Registre-se também que devemos avaliar os políticos pelo que fazem, não pelo que dizem ou pelo modo refinado de suas escritas e falas. Devemos a criação de escolas e universidades a reis analfabetos, senão na língua nacional dos países sobre os quais reinavam, na língua de cultura dos tempos monárquicos em que viviam. O rei português Dom Dinis, lavrador e poeta, criou a Universidade de Coimbra com o documento em latim: Magna Charta Priveligiorum, algo como ‘Constituição de Privilégios’, seu primeiro estatuto. Assinou o que não leu, confiando nos áulicos. Supõe-se que os cinco primeiros reis portugueses tenham sido analfabetos em língua portuguesa.
A declaração ofensiva de Caetano Veloso encontrou o presidente Lula em outra fase, bem diferente daquela em que estava quando quis expulsar do país o correspondente do New York Times, Larry Rohter por delito de opinião.
Em vez de irritar-se, brincou e, na sequencia, usou a expressão latina sine qua non ao abrir os trabalhos do 9º Congresso de Iniciação Científica, semana passada, em São Paulo: ‘Estou falando sine qua non porque Caetano fala. E se ele fala, Lula também pode falar’.
Voz da experiência
O presidente Lula já disse que ler cansa, dando péssimo exemplo, sobretudo a milhões de pessoas que nada leem e se sentem autorizadas a ler menos ainda, mas esta vez ele virou o placar com uma bela ironia e um gesto de grandeza: se Caetano pode, o presidente também pode. Será que criou um paradigma?
De todo modo, reconheçamos o óbvio: quando você faz qualquer crítica a Lula ou a Caetano, certamente desagrada à maioria dos que aprovam o governo do primeiro e as canções do segundo. A falta de discernimento, entretanto, não está em quem fala ou escreve, mas em quem ouve ou lê. O craque faz uma jogada de cabeça de bagre e o torcedor é obrigado a aplaudir?

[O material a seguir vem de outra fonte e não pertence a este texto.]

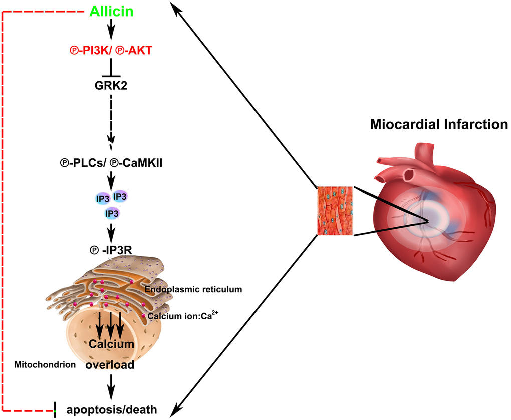 In summary, our present study extended these studies by a series of in vivo and in vitro experiments. As shown in Figure 7, it demonstrated for the first time that the protective effect of allicin against MI/R injury was related to the activation of PI3K, GRK2, PLC-γ, and Ca2+ overload and a consequent reduction in cardiomyocyte apoptosis. These findings might be significantly more to understand the molecular mechanisms of allicin on heart protection.
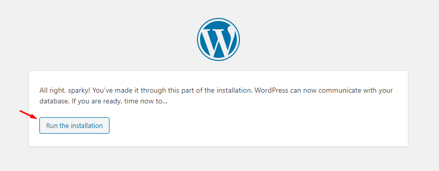 下一个屏幕将确认数据库配置成功 点击’Run the installation’,开始WordPress的安装过程。

O presidente semelha o que foi a camada de ozônio na década de 1970. Tudo o que dizíamos ou fazíamos deveria ser precedido de uma rápida avaliação: prejudicava ou não a camada de ozônio?
Lembremos na balbúrdia os versos de Gilberto Gil, ex-ministro de Lula:
‘E quando escutar um samba-canção/ Assim como `eu preciso aprender a ser só´/ Reagir e ouvir o coração responder: eu preciso aprender a só ser’.
E que o presidente deixe de comparar-se a Fernando Henrique Cardoso, aliás. Dados os contextos que ambos viveram, os méritos de Lula para alfabetizar-se são maiores do que os de Fernando Henrique Cardoso para doutorar-se. Como ensina João Guimarães Rosa, ‘o real não está nem na saída nem na chegada: ele se dispõe para a gente é no meio da travessia’.
Na segunda-feira (16/11), coube à sabedoria de Dona Canô, mãe de Caetano, repor as coisas com a sensatez de quem já viveu mais, proferindo as palavras que aqui usei de epígrafe.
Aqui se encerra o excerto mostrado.